Undeclared Russian nuclear accident to blame for 2017 radiation cloud: Study

It was a scene eerily reminiscent of the Chernobyl nuclear accident of 1984, when the news of a suppressed nuclear disaster in Ukraine became evident in Europe only after a Swedish nuclear scientist raised an alarm over an abnormally-high reading of radiation coming from his shoes.

In January, 2017, radiation monitoring institutions detected high levels of Iodine 131 across Europe. In October of 2017, multiple European countries reported abnormally-high levels of ruthenium-106 in the air. Both are radioactive isotopes, with Ruthenium-106 only occuring as a result of nuclear fission, ie, atoms being split. It is an isotope that has not been detected in the earth’s atmosphere since the Chernobyl nuclear disaster.

For it to reach so many European nations suggests a fission-related incident. An international radiation monitoring group, the Ring of Five, sounded an alarm.

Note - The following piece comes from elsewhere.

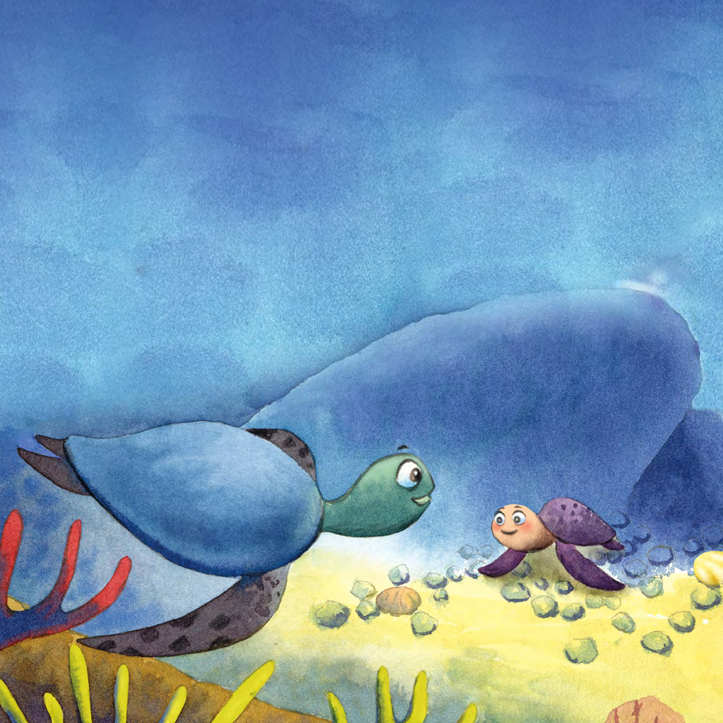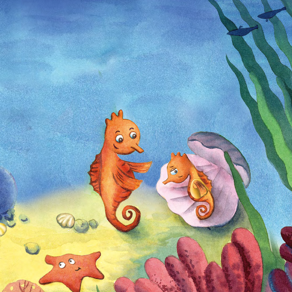 在一片大海的最深处,有珊瑚丛,珊瑚丛里有色彩斑斓的各种热带鱼穿梭,珊瑚丛长在一个大岩石的上边,就在岩石的下边住着小海龟一家。海底沙子上有一些零零散散的各类贝壳,岩石不远处的海藻丛林中,住着小海马豆丁和他的爸爸。

Russia confirmed the presence of radiation a month later, but did not identify its source. The country’s meteorological agencies did, however, identify the highest concentrations of radiation at a town 30km from the Mayak nuclear power plant, the site of the third-deadliest nuclear accident in human history in 1957. Later that year, Russian state sources, comprising a commission from Rosatom, the Nuclear Safety Institute of the Russian Academy of Science and other groups, later said that they found no abnormal concentrations of ruthenium-106 at Mayak, and that the radiation in the air could be attributed, “among other things, to the burning in the atmosphere of an artificial satellite or its fragment.”

Now, on July 26, the largest study yet conducted on the incident has confirmed that the source of the radiation came from the Southern Urals region of Russia — which comprises Mayak — and that it was no satellite.

A team of 70 scientists led by research engineer Olivier Masson looked at 1,100 atmospheric and 200 deposition data points from Eurasia. They reconstructed the spread of the radiation as well as the age of the radioactive material. Two points stand out from their findings: One, that the radioactive material was less than two years old and that it was released from somewhere in the Southern Ural region. Two, that it was probably released during an ‘advanced stage’ of nuclear fuel reprocessing, sometime around the end of September, 2017.

Luckily, the concentrations found were not enough to cause public harm, and Ruthenium-106 has a half life of just short of 374 days, which means that half of its atoms radioactive material would decay in little over a year, with the entire quantity gone by two.

The study traced the chronology of ruthenium-106 detections across Europe, identifying only Russia and most likely the Mayak nuclear facility as the possible source for the radioactive plumes (the highest concentrations were found in Romania but the width of the plume suggested it came from outside the country).

During the Cold War, Mayak was among the largest nuclear facilities of the Soviet Union. A chemical explosion at the plant in 1957 released 2,700 trillion becquerels (units of radiation), creating the 100-km long ‘East Ural Radioactive Trace’. For comparison, the 2017 radioactive cloud registered levels close to just 150 micro-becquerels.

The study discussed a likely explanation for the release — a botched job at reprocessing spent nuclear fuel. In this hypothesis, the Mayak plant was attempting to produce Cerium-144 in order to participate in neutrino research experiments at the Gran Sasso lab in Italy (the world’s largets underground research centre. A hitch during this process could have led to a series of events that would have produced ruthenium-106 in the detected concentrations.

A brief history of the Ring of Five: A global radiation monitoring network

In the early 1980s, despite the end of atmospheric nuclear bomb testing by China, scientists in Europe continued to find radioactive particles in the atmosphere. In 1983, a group of North European countries decided to share data with one another whenever even the most-minute levels of radioisotopes were detected in the air. This informal grouping became known as the 'Ring of Five' (RoF): Their first big test came in 1986 with the hushed-up Chernobyl nuclear disaster.

Decades since, the RoF has expanded to 22 members (though it has kept its old name), with the criteria for joining being that member-states have the ability to detect particles to within a tenth of a micro-becquerels per cubic meter (µBq/m3) — a sub-atomic level of precision for measuring radioactive emissions.